Malthouse had two physical confrontations with journalists in his time at West Coast that would have drawn big headlines if they happened today.
He had Daryl Timms from the Herald Sun up against a wall by the throat, and in Grand Final week of 1991 he had to be pulled away from The West Australian‘s Luke Morfesse after pinning him against a wall.
Morfesse had criticised a media ban on the players that week, and compared the Eagles’ policy with the openness of Hawthorn, their Grand Final opponent.
Make no mistake, he was intimidating and you needed your wits about you.
But he has universal respect in the game, if not love.
His twitching moustache has been part of our living rooms for decades, and you just do not survive in the business without being good at it.
He is an iconic figure of the AFL. The record will sit nicely in his keeping.
Mick Malthouse’s life in football
1972-76. Games: 53 as a player
Recruited from North Ballarat, the tough, hard-working defender played three finals in his first season with the Saints. Eventually departed for Richmond halfway through the 1976 campaign after coach Allan Jeans told him his opportunities had become limited.
1976-83. Games: 121 as a player
Malthouse slotted into the Tigers’ defence seamlessly and went on to play in the club’s record-breaking flag-winning team over Collingwood in 1980. He famously missed out on the Tigers’ grand final side in 1982 after failing a searching fitness test administered by coach Francis Bourke and retired the next year.

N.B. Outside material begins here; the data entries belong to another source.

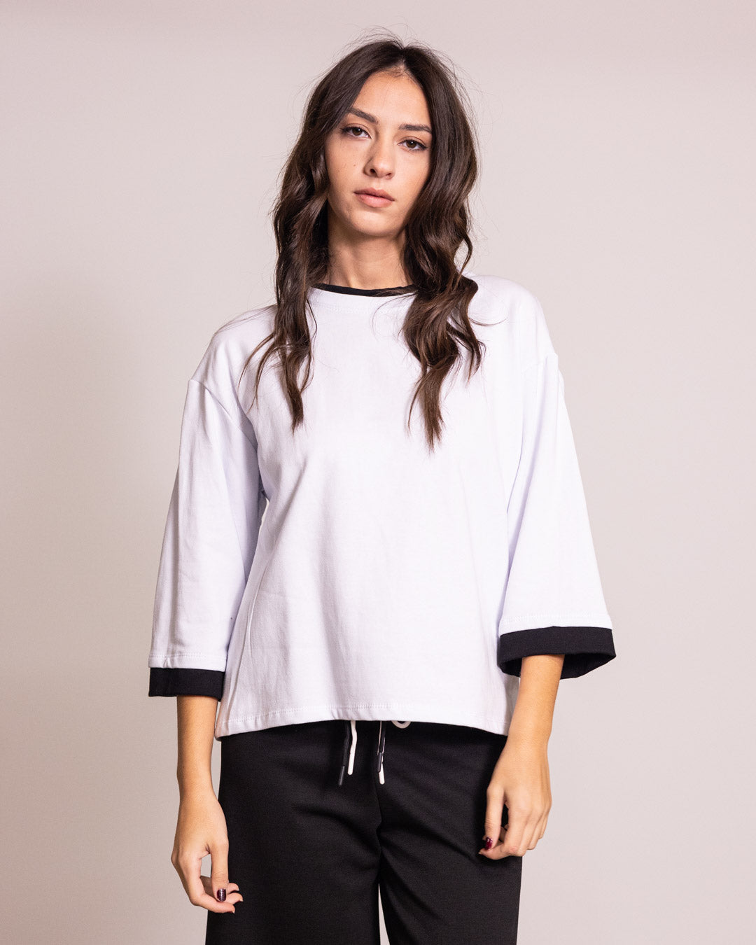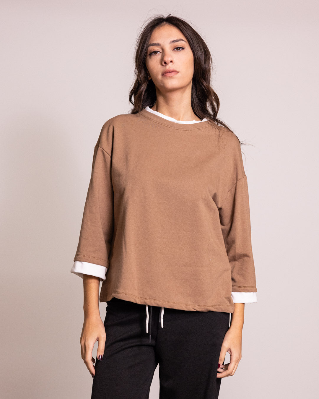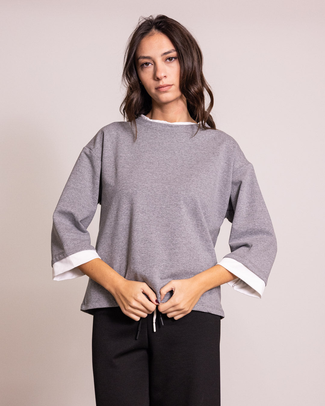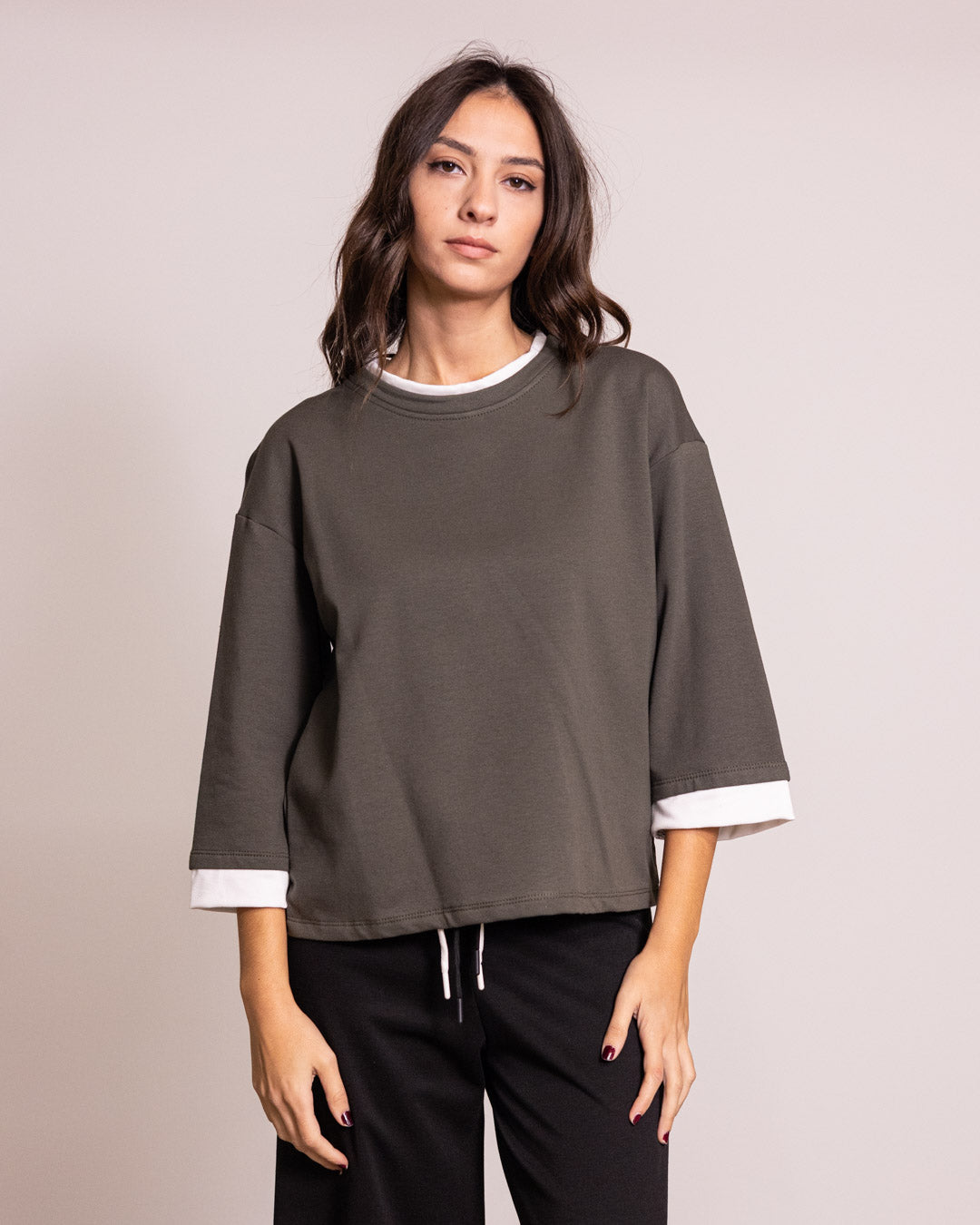 Felpa in taglia unica, realizzata in tessuto leggero e traspirante, ideale per la mezza stagione. Le maniche 3/4 offrono versatilità stilistica, mentre il risvolto in contrasto colore aggiunge un dettaglio di design ricercato. Perfetta per chi ricerca comfort senza compromessi estetici, si abbina facilmente a qualsiasi guardaroba. Un capo essenziale che combina praticità e eleganza contemporanea.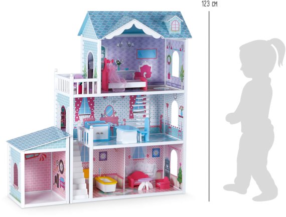 Huset har en størrelse, så flere børn uden problemer kan lege med huset samtidigt. De fine detaljer på vægge, trapper, garage og balkon gør dukkehuset til et luksushjem, fyldt med muligheder for kreativitet.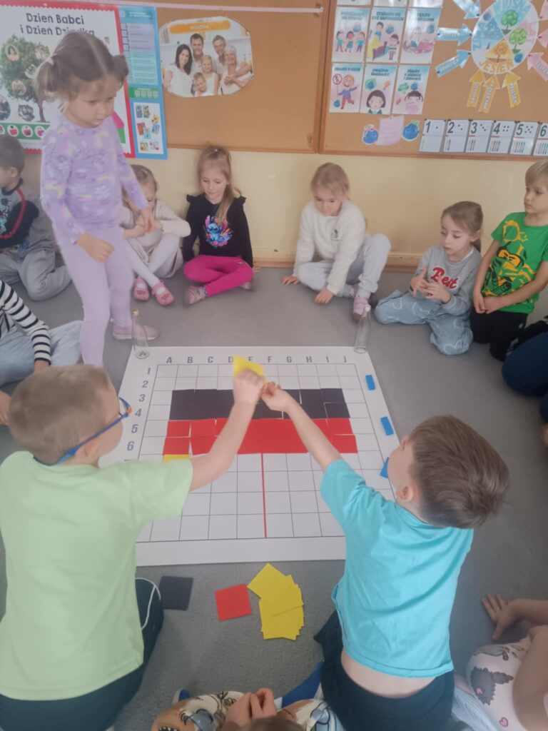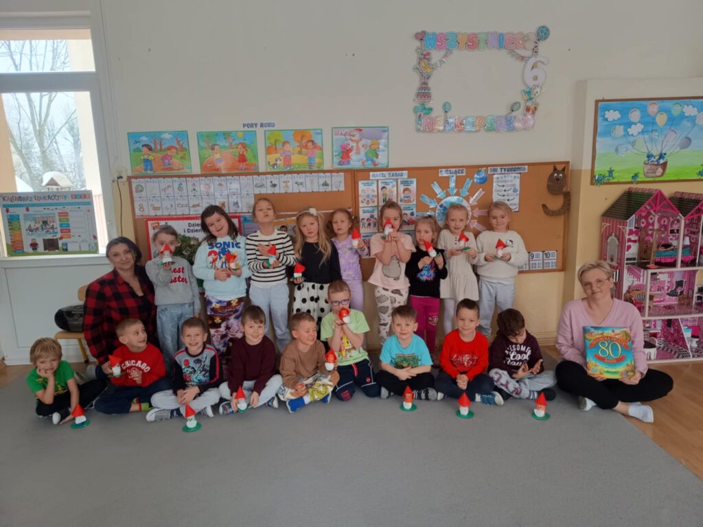 W ramach innowacji pedagogicznej pod hasłem „Z baśnią dookoła świata” odbyły się zajęcia czytelniczo- plastyczne z elementami kodowania. Dzieci poznały opowieść z Niemiec „Prezent od krasnoludka”. Ciekawostki dotyczące tego kraju przybliżyły dzieciom kulturę tej części Europy. Zakodowaliśmy również wspólnie flagę Niemiec. Na koniec przedszkolaki z materiałów wtórnych wykonały tytułowego krasnoludka.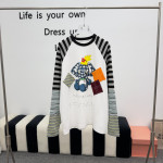 스트라이프 소매 캐릭터 긴팔 티셔츠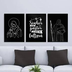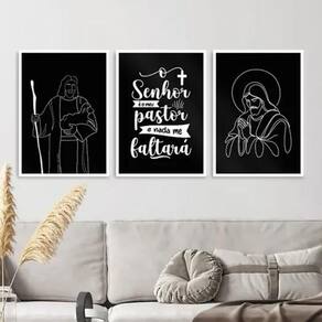 Kit 3 quadros modernos jesus - meu pastor 24x18cm - com vidro Cor: moldura preta Informações do produto tire todas as suas dúvidas no descritivo abaixo: decoração para quarto, sala, cozinha, escritório, área gourmet e muito mais. Chega de paredes vazias medidas - cada peça tem 24x18cm a5 . Material do papel - papel fotográfico brilhante de altíssima resolução acabamento - todos os quadros são acompanhados de vidro para proteção da imagem. - moldura em madeira maciça na cor preta ou branca conforme produto escolhido e pendurador . - os quadros são embalados de forma segura com plástico bolha com camada dupla de acordo com o tamanho dos quadros. Garantia - garantia de 3 meses. Meu quadro chegou. Como posso fixá-lo Você precisa apenas de um martelo e um prego, pois os quadros já vão acompanhados de penduradores. Esta é a forma mais indicada. Como posso limpar meu quadro A limpeza é feita como um móvel comum da sua casa. Apenas um pano seco ou espanador são suficientes para tal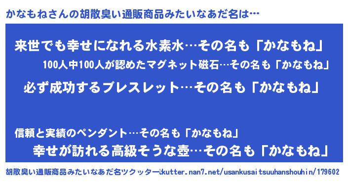 | 男性向けラノベタイトル風あだ名 | 『カナモネスレイヤー』 |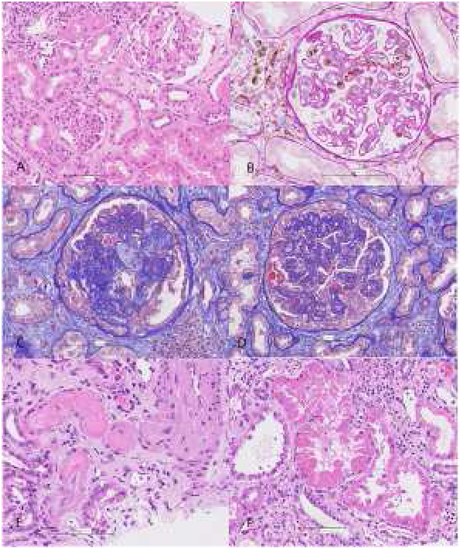 Figure 1. Before application of MSCs (March 2019): chronic active C4d negative antibody-mediated rejection with preserved tubules (A), focal glomerulitis and peritubular capillaritis (B). According to Banff 2017 criteria, transplant kidney biopsy was consistent with chronic active C4d negative antibody mediated rejection: 12% glomerulitis with double contour formation (g1, cg3) in glomeruli, diffuse severe peritubular capillaritis (ptc3), chronic active vascular rejection (v1, cv3) in interlobular arteries without signs of thrombotic microangiopathy, diffuse more than 50% interstitial fibrosis and tubular atrophy with mild mononuclear cell inflammation consisting of lymphocytes, macrophages, and rare plasma cells (i-IFTA 3, ci3, ct3). There was no associated tubulitis. Peritubular capillary basement membrane multilamellation (ptcbm3) was seen by electron microscopy. There were no deposits in tubular basement membrane. Immunofluorescence revealed IgA deposits indicating IgA nephropathy recurrence. 60% of glomeruli were globally sclerotic. 1 of 25 glomeruli showed pseudocrescent formation without PAS positive droplets in podocytes. After application of MSCs (July 2019): glomerular TMA with mesangiolysis (C), diffuse pseudocrescent formation in glomeruli with marked podocytes injury (D), vascular TMA (E) and huge tubular injury with resorptive droplets consisted with mottled lysosomes on EM (F). Glomeruli showed advanced double contour formation and segmental sclerosis without apparent glomerulitis, but mesangiolysis was seen in some glomeruli. 20% of glomeruli showed pseudocrescent formation with PAS positive droplets “in podocytes indicating huge podocytes injury”. Peritubular capillaritis was mild and focal. Tubulitis was absent. Tubules show signs of severe tubular injury (attenuation of tubular epithelium with coarse vacuolization, loss of brush border, loss of nuclei) and were filled with large PAS-positive droplets in line mottled lysosomes on electron microscopy. Electron optic dense deposits in tubular basement membrane were detected by EM. Amount of interstitial fibrosis, tubular atrophy, and interstitial inflammation was similar as in previous biopsy. In fibrotic areas, there was mild mononuclear cell inflammation consisting of lymphocytes 75%, macrophages 15%, and plasma cells 10%. No CD105+, CD73+ nor CD90+ cells were found. In small arteries and arterioles, thrombotic microangiopathy with obliteration of vascular lumens, fragmentation of erythrocytes, and fibrinoid necrosis was present. Peritubular capillary basement membrane multilamellation (ptcbm3) was similar as in previous biopsy.

1984-89. Games: 135 as a coach. Won: 67 Lost: 66 Drawn: 2
Quickly made the transition from playing to coaching at the age of 30. Guided the Bulldogs to one finals campaign, in 1985, and established a reputation as a hard-nosed authoritarian.
1990-99. Games: 243 as a coach. Won: 156 Lost: 85 Drawn: 2
Malthouse became the Eagles’ third coach in the fledgling club’s fourth season in the competition. He left a strong legacy, with West Coast winning two flags and making the finals in every season he was in charge.
2000-11. Games: 286 as a coach. Won: 163 Lost: 121 Drawn: 2
Took over from Tony Shaw, who was sacked after the Pies slumped to the wooden spoon in 1999. Guided Collingwood to two grand finals early in his tenure, with the team becoming regular finals participants before breaking through to win the 2010 flag in the grand final replay against St Kilda.
2013-present. Games as a coach: 50 Won: 20 Lost: 29 Drawn: 1
After a year in the media, Malthouse replaced Brett Ratten, who was sacked by the Blues after five full seasons in charge. He took Carlton to the finals in his first season, but the Blues managed just seven wins last year.